North American production upswing to slow in 2013
North American light vehicle production volume remains up 20% through the first 10 months of 2012, compared with the same period in 2011. Volume through October is at nearly 13.1m units, the same volume level as in all of 2011.
Vehicle inventory in early November rose to a 71-day supply – the highest day supply level in 2012 – compared with 59 days in October. The supply growth is a result of an increase in inventory ahead of anticipated year-end sales, as well as the impact of Hurricane Sandy, which caused significant damage along the US East Coast and slowed demand in the last week of October.

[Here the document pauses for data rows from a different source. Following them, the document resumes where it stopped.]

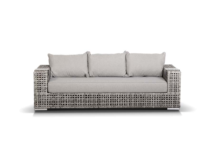 Тито диван трехместный серый. Тито, диван трехместный из искуственного ротанга, в комплекте с подушками, размеры 2280х920х610, ручное плоское плетение, цвет серый, алюминиевый каркас. Габариты 2280x920x610мм Цвет плетения серый Цвет подушки серый Материал каркаса алюминий Материал плетения искусственный ротанг Материал подушки полиэстер 100% плотностью 230гр/м2 с влагоотталкивающей пропиткой Габариты упаковки 2300х940х630 Вес(Брутто) 45 Вес 45кг
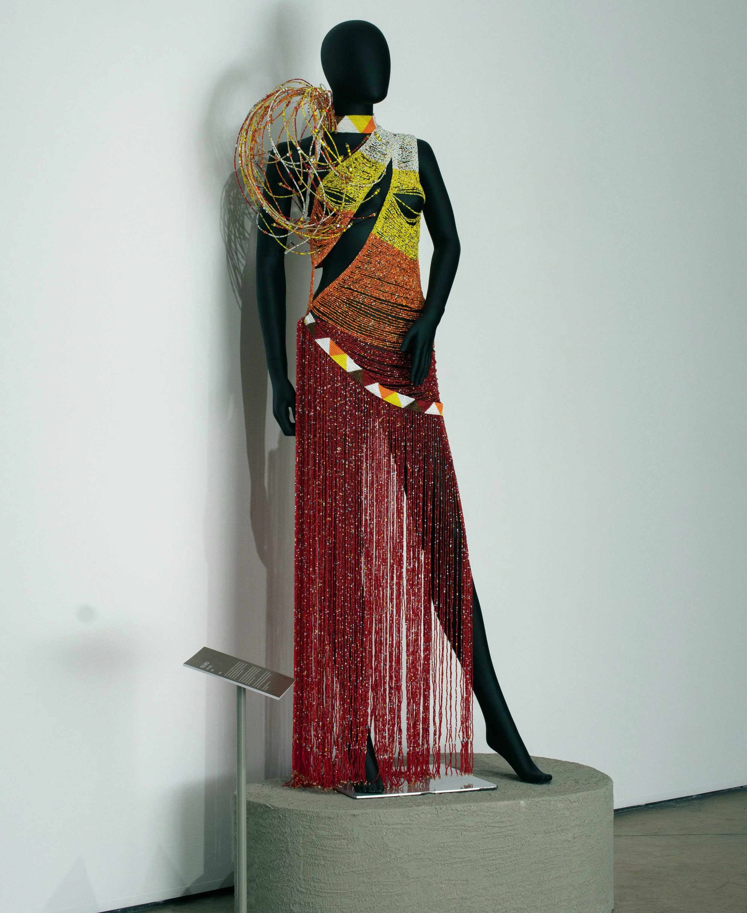 We started by looking at materials and material expression exemplified by the works of artist Johanna Bramble. Bramble, alongside Dickens Otieno and Hisi Studio, employs textiles as their primary medium. Her innovative use of materials like Abaca (banana fiber), Raphia fiber, and traditional cotton treatments, reflects an ancestral approach to cloth-making that transcends conventional boundaries. Additionally, Otieno's unconventional use of shredded aluminum cans woven together challenges preconceived notions of materiality and craftsmanship. In addition, the exhibition spotlighted a beaded dress by Patricia Mbela, crafted using the lost beading style of the Taita community in Kenya. This particular style of beadwork was decimated under British colonial rule in Kenya, as it was unjustly labeled as witchcraft, a tragic consequence of colonial prejudices.
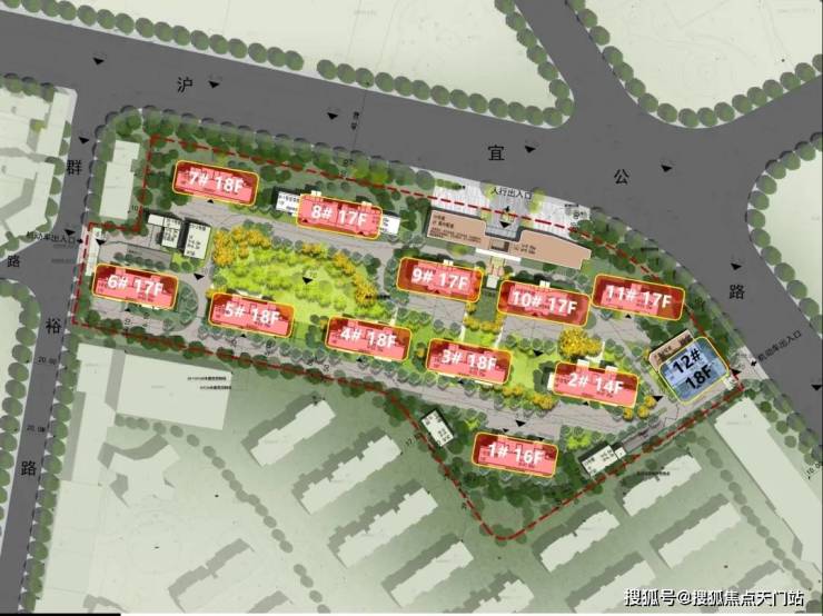 项目四至服务:东至沪宜公路,西至群裕路,南至基地边界,北至沪宜公路。根据项目规划设计方案,拟建12幢14-18F住宅(含保障房)以及其他配套用房等建筑,规划共计702户。
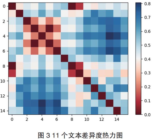 也就是矩阵对应的第 i 行,第 j 个文本,也就是矩阵对应的第 j 列,第 i 行 j 列的“格子”里的数值,就是 i 文本与 j 文本的余弦相似度,用 1 减去余弦相似度矩阵的每一个值,就得到了差异度量矩阵,设为 D 矩阵。我们再用热力图来更直观得观察到这 11 个文本之间的差异度矩阵。
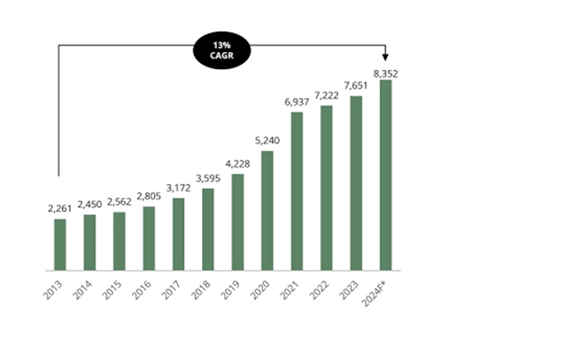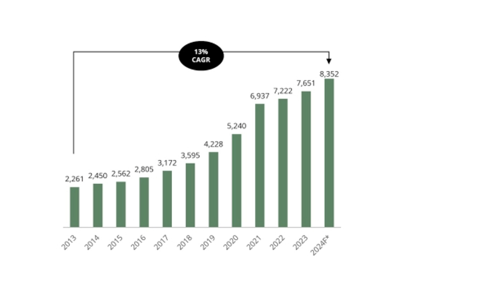 (Quelle: Evercore Secondary Market Review 2024. CAGR steht für Compound Annual Growth Rate).
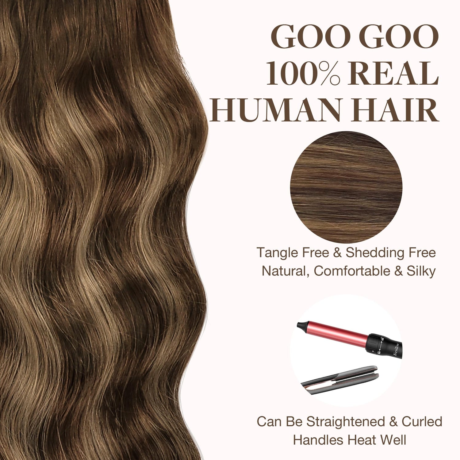 GOO GOO Tape in Hair Extensions Human Hair, 4/27/4 Balayage Chocolate Brown to Caramel Blonde, 20inch 50g 20pcs, Thick Ends Straight Seamless, Invisible
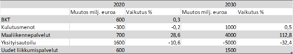 Alla on esitetty arvioitu maaliikennepalvelujen henkilöstömäärän kehitys vuoteen 2020 mennessä. Taulukossa on esitetty ennuste kehityksestä nykytrendin mukaisesti sekä liikennekaaren voimaantulon myötä. Arvioissa on hyödynnetty tilastokeskuksen tietoja yritysten liikevaihdoista ja henkilöstömääristä vuosilta 2010-2014. Laskelmissa on laskettu alakohtaiset keskiarvot liikevaihdon ja henkilöstömäärän suhteesta ja tätä keskimääräistä suhdetta on hyödynnetty ennusteissa. Taulukossa on arvioitu liikevaihdon kehitys nykytrendin mukaisella kehityskäyrällä ja sekä sillä kehityskäyrällä, joka lakiesityksen voimaantulosta arvioidaan seuraavan. Arvion mukaan liikennealalle syntyisi lähes 15 000 uutta työpaikkaa vuoteen 2020 mennessä.
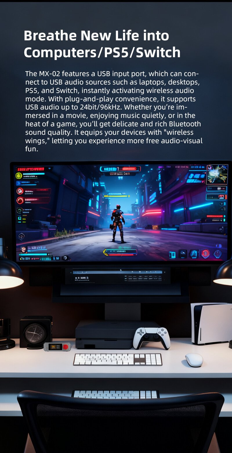 > The MX-02 features a USB input port, which can connect to USB audio sources such as laptops, desktops, PS5, and Switch, instantly activating wireless audio mode. With plug-and-play convenience, it supports USB audio up to 24bit/96kHz. Whether you're immersed in a movie, enjoying music quietly, or in the heat of a game, you'll get delicate and rich Bluetooth sound quality. It equips your devices with "wireless wings", letting you expereince more free audio-visual fun.
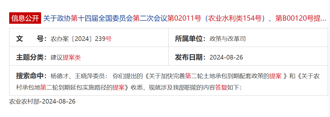 今年全国两会期间,全国政协委员杨德才、王晓萍提出了《关于加快完善第二轮土地承包到期配套政策的提案》和《关于农村承包地第二轮到期延包实施路径的提案》。农业农村部近期对两份提案逐条作出回复。

Car inventory has risen to a 66-day supply from 51 days in October, while truck inventory has increased to a 77-day supply from 65 days.
The forecasters say that vehicle inventory levels should stabilise this month and into December, as sales are expected to recover due to consumers who had delayed their purchases last month returning to the marketplace following the storm and from additional sales due to the need to replace damaged vehicles.
LMC Automotive’s 2012 North American production forecast stands at 15.3m units, which is a 17% increase from 2011. However, a slowdown is forecast for 2013. The North American production forecast for 2013 is expected to be nearly 15.8m units, just 2% up on 2012, but “with further upside potential”.
“The continued pace of demand in North America, with sales up 13% through October, is supporting the short-term production plan and volume at the highest level since 2005,” said Schuster. “Production levels continue to be managed to demand, so a growing level of inventory is not setting off any alarms, as some inventory building is normal as a year closes.”